La primera duda que se me presentó fue, claro está, en cuál de los dos pasar la noche. La diferencia de precio podía ayudarme rotundamente en mi decisión, pero confieso que, tras visitar ambos, opté por el menos caro, el Miró, no por tacañería, sino por contrapeso psíquico. Sabiendo que las formas sinuosas y lábiles del edificio de Gehry me iban a hacer partícipe del don de su ebriedad, nada mejor para dormir las monas que el reglamento franciscano de Antonio Miró. No me vi defraudado por el bello y austero raciocinio imperante en las habitaciones (aunque las individuales son, más que minimal, minúsculas), pero hay que señalar que no se libran de una lacra hotelera muy extendida: el pésimo aislamiento acústico entre habitación y habitación y entre éstas y los pasillos. Resulta un despropósito que, refugiado el viajero exhausto en los sosegantes espacios temperados por el buen gusto, el predominio de los colores fríos y una exquisita delicadeza en los detalles más nimios (me subyugó la jabonera del baño), su sueño o la sesión de yoga que ese ámbito le empuja a hacer se vean interrumpidos por el rugido del váter vecino o las pisadas de unos tacones femeninos en los techos.

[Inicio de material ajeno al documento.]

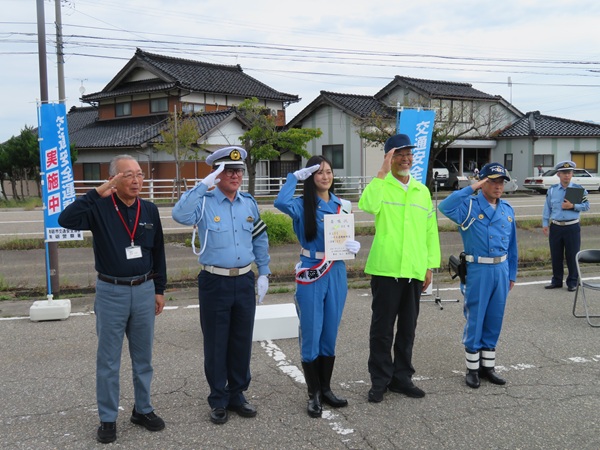 尚、委嘱状交付式において、藤井南砺警察署長、岩﨑南砺市交通安全協会長から激励の言葉を受け、白バイ及びパトカーが1日委嘱隊長から出発の合図を受け交通安全活動に出発しました。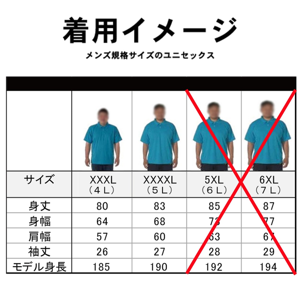 モデル着用画像はM~LサイズイメージとなりますのでBIGサイズポロシャツはプリントのバランスが多少異なります。
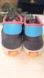 Stylish Vans high-top sneakers. Gray suede with pink accents. Comfortable and trendy design.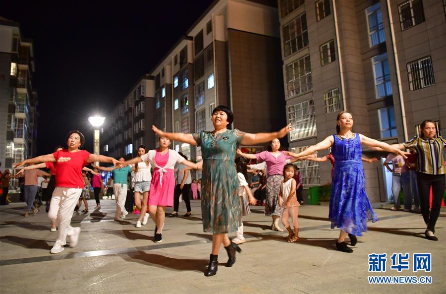 陜西省漢陰縣紫雲南郡移民安置社區居民在社區廣場上跳舞(7月24日攝)。新華社記者 邵瑞 攝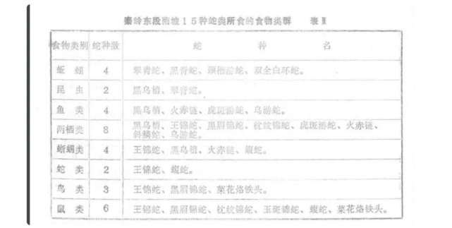 一项对秦岭蛇类的研究中,研究人员发现,只有极少部分蛇的食谱中包括老鼠,而大部分蛇的主要食物来源都是青蛙等两栖动物,另外还有昆虫、软体动物,鱼类等等。

La fachada del hotel Miró respeta con sencillez y cordura la línea edificatoria de la calle, cosa que no hace la del cercano Gran Hotel Domine, con sus rimbombantes y feotas planchas de vidrio orientadas hacia el Guggenheim que tiene enfrente (para mayor desgracia, lo que en ellas se refleja es lo más trasero y humilde del edificio de Gehry). Ahora bien, una vez en su interior, el Domine es una caja de juegos de magia casi inagotable. El vestíbulo acoge fogosamente con su largo sofá rojo y sus lámparas colgantes, pero el largo y oscuro mostrador de la recepción no abruma, y en suelos y paredes, Mariscal parece seguir más el seny catalán de su escuela que el disseny valenciano de su cuna. Algo, sin embargo, nos llama la atención tentadoramente al fondo del hall: una escultura o falla de piedras embolsadas que se yergue en el hueco del patio de escalera, aparatosa, divertida, muy atractiva, sea una cosa u otra. Sin abandonar el vestíbulo, vemos también una instalación de espíritu brossiano en forma de cascada de aguas conceptuales próxima a la pequeña galería comercial que conduce a la fachada posterior del hotel, muy bien encajada en la calle de Lersundi. Las habitaciones son amplias y juguetonas, la terraza sobre el museo ofrece por fin la vista más deseada, hay un rincón de lectura con sillones grandotes donde los libros quizá sobren, y tiene también mucha gracia el bar Splash & Crash, levemente art déco (sección náutica) y con taburetes de puticlub. Debo decir, sin embargo, que la repostería y los desayunos del Miró, servidos en el saloncito de estilo órdenes menores tan característico del modista catalán, nada tiene de rutinaria cocina de refectorio, superando en capricho gastronómico lo que ofrece el Gran Domine.

Los museos

Pero decíamos que antes de dormir y desayunar había que ver el museo; los museos, pues por mucho que el Guggenheim chupe hoy plano de manera inmisericorde en la superproducción americana en que se ha convertido este nuevo Bilbao, no se puede olvidar que a pocos metros, en el centro del bonito parque de Doña Casilda de Iturrizar, sigue estando uno de los mejores museos de España, el de Bellas Artes, con una colección permanente de extraordinaria calidad. De hecho, no hay posible comparación artística, hoy por hoy, entre los extraordinarios contenidos pictóricos del uno y los pocos y prestados del otro, aunque, desde luego, el continente del Guggenheim constituya en sí mismo una gran obra de arte. Tan poderosa que no le cuesta esfuerzo sobreponerse y a la vez ignorar la presencia que en el entorno del museo ha adquirido la bobalicona (y resultona) escultura vegetal del perrito gigante de Koons, donde no hay pareja de novios, colegio ni grupo excursionista que no se haga la foto.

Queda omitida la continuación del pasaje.